◆ **Task prompt**
Please reproduce the data exactly, though every picture must stay out.

━━ Input for this task

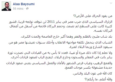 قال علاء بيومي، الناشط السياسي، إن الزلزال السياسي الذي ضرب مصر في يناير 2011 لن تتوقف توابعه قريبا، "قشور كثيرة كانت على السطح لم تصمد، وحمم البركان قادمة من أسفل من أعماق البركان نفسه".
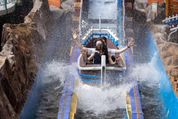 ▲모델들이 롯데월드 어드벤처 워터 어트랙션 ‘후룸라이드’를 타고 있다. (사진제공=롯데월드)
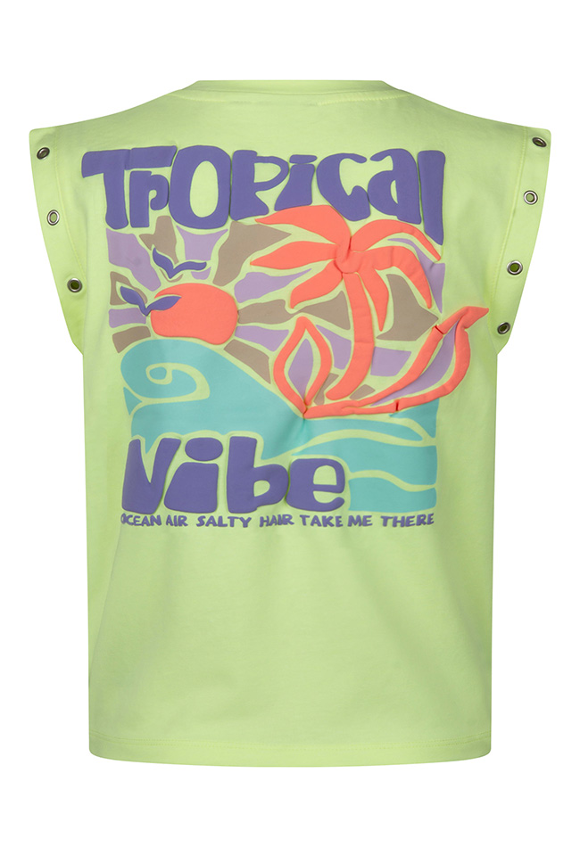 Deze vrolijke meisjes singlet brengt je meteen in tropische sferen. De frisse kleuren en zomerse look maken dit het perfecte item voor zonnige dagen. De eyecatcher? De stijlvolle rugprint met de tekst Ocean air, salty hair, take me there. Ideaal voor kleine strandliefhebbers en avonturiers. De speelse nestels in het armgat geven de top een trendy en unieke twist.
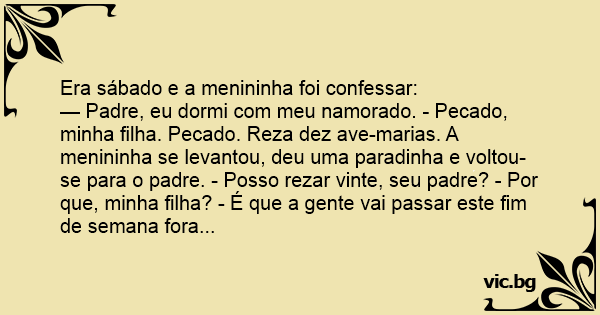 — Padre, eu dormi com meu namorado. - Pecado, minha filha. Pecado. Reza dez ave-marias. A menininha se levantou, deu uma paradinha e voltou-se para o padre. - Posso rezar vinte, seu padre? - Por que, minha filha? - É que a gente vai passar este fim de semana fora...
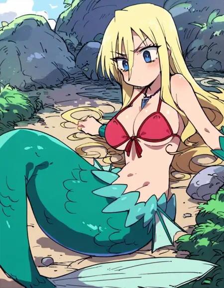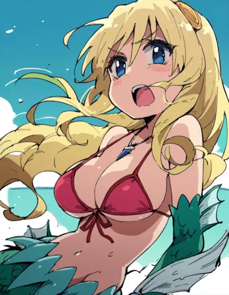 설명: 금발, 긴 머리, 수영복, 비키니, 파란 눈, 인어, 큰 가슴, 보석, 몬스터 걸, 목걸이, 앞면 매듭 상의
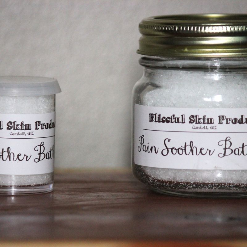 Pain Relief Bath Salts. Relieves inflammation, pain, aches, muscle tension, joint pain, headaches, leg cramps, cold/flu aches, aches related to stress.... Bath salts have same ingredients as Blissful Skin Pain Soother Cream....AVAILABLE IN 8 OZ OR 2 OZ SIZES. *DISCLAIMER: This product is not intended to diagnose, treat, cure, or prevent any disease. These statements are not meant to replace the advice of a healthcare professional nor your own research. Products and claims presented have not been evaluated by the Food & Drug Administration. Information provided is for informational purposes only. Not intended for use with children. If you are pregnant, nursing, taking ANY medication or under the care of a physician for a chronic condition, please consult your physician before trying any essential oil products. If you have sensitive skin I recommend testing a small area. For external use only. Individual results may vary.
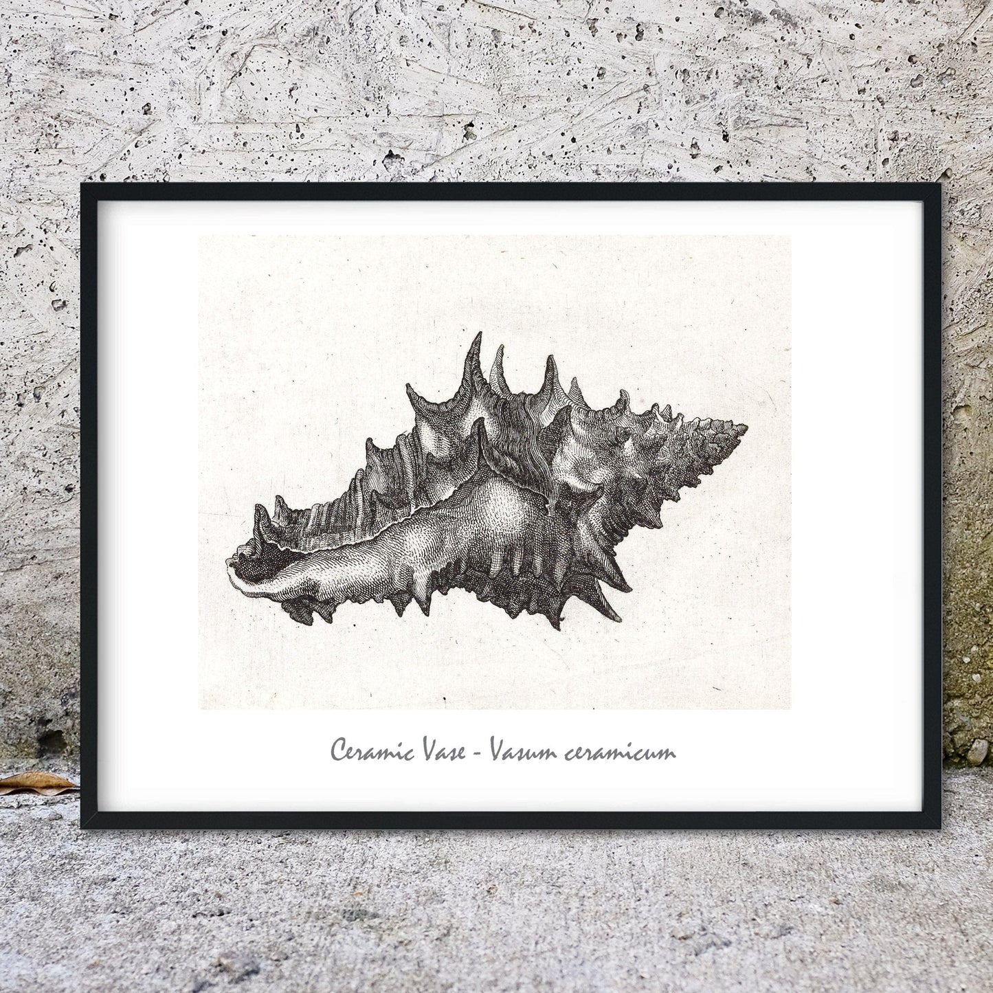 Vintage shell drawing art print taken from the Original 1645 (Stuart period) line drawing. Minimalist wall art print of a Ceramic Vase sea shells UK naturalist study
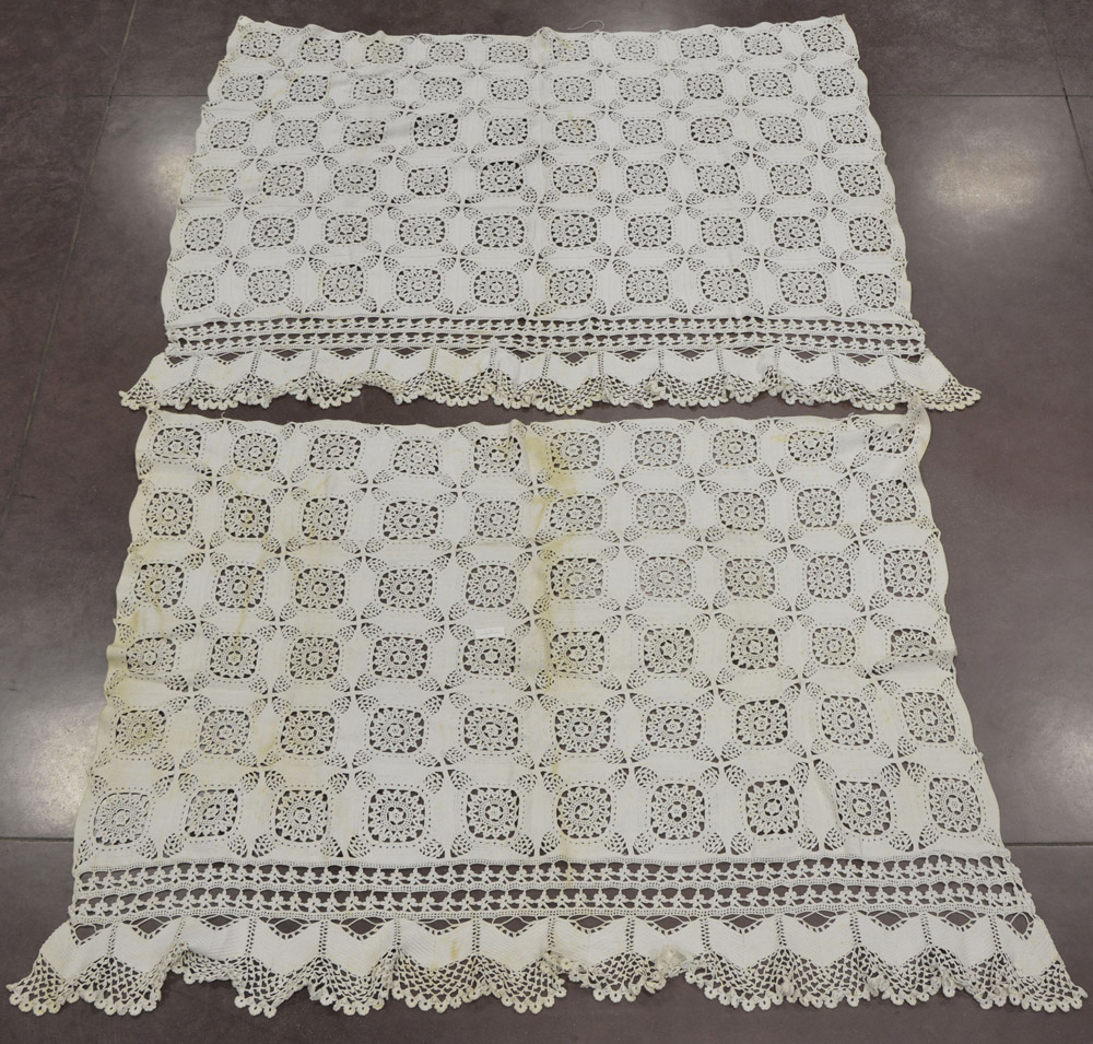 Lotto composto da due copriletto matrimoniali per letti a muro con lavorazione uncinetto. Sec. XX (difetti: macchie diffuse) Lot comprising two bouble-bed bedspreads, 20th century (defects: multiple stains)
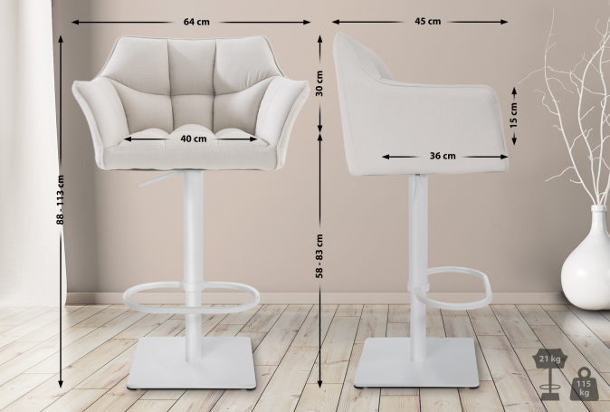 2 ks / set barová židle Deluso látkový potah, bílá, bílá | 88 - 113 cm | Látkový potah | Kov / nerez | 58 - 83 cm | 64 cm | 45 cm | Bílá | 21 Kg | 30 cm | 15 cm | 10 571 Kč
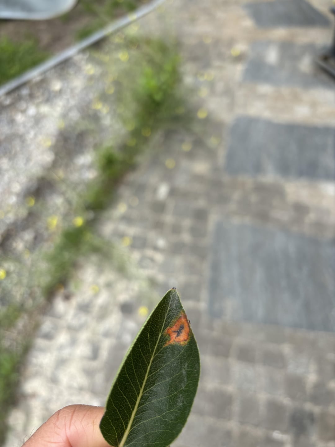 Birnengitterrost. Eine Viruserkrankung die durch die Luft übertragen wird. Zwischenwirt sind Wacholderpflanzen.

━━━━

◆ **Answer space**
 قال علاء بيومي، الناشط السياسي، إن الزلزال السياسي الذي ضرب مصر في يناير 2011 لن تتوقف توابعه قريبا، "قشور كثيرة كانت على السطح لم تصمد، وحمم البركان قادمة من أسفل من أعماق البركان نفسه".
 ▲모델들이 롯데월드 어드벤처 워터 어트랙션 ‘후룸라이드’를 타고 있다. (사진제공=롯데월드)
 Deze vrolijke meisjes singlet brengt je meteen in tropische sferen. De frisse kleuren en zomerse look maken dit het perfecte item voor zonnige dagen. De eyecatcher? De stijlvolle rugprint met de tekst Ocean air, salty hair, take me there. Ideaal voor kleine strandliefhebbers en avonturiers. De speelse nestels in het armgat geven de top een trendy en unieke twist.
 — Padre, eu dormi com meu namorado. - Pecado, minha filha. Pecado. Reza dez ave-marias. A menininha se levantou, deu uma paradinha e voltou-se para o padre. - Posso rezar vinte, seu padre? - Por que, minha filha? - É que a gente vai passar este fim de semana fora...
 설명: 금발, 긴 머리, 수영복, 비키니, 파란 눈, 인어, 큰 가슴, 보석, 몬스터 걸, 목걸이, 앞면 매듭 상의
 Pain Relief Bath Salts. Relieves inflammation, pain, aches, muscle tension, joint pain, headaches, leg cramps, cold/flu aches, aches related to stress.... Bath salts have same ingredients as Blissful Skin Pain Soother Cream....AVAILABLE IN 8 OZ OR 2 OZ SIZES. *DISCLAIMER: This product is not intended to diagnose, treat, cure, or prevent any disease. These statements are not meant to replace the advice of a healthcare professional nor your own research. Products and claims presented have not been evaluated by the Food & Drug Administration. Information provided is for informational purposes only. Not intended for use with children. If you are pregnant, nursing, taking ANY medication or under the care of a physician for a chronic condition, please consult your physician before trying any essential oil products. If you have sensitive skin I recommend testing a small area. For external use only. Individual results may vary.
 Vintage shell drawing art print taken from the Original 1645 (Stuart period) line drawing. Minimalist wall art print of a Ceramic Vase sea shells UK naturalist study
 Lotto composto da due copriletto matrimoniali per letti a muro con lavorazione uncinetto. Sec. XX (difetti: macchie diffuse) Lot comprising two bouble-bed bedspreads, 20th century (defects: multiple stains)
 2 ks / set barová židle Deluso látkový potah, bílá, bílá | 88 - 113 cm | Látkový potah | Kov / nerez | 58 - 83 cm | 64 cm | 45 cm | Bílá | 21 Kg | 30 cm | 15 cm | 10 571 Kč
 Birnengitterrost. Eine Viruserkrankung die durch die Luft übertragen wird. Zwischenwirt sind Wacholderpflanzen.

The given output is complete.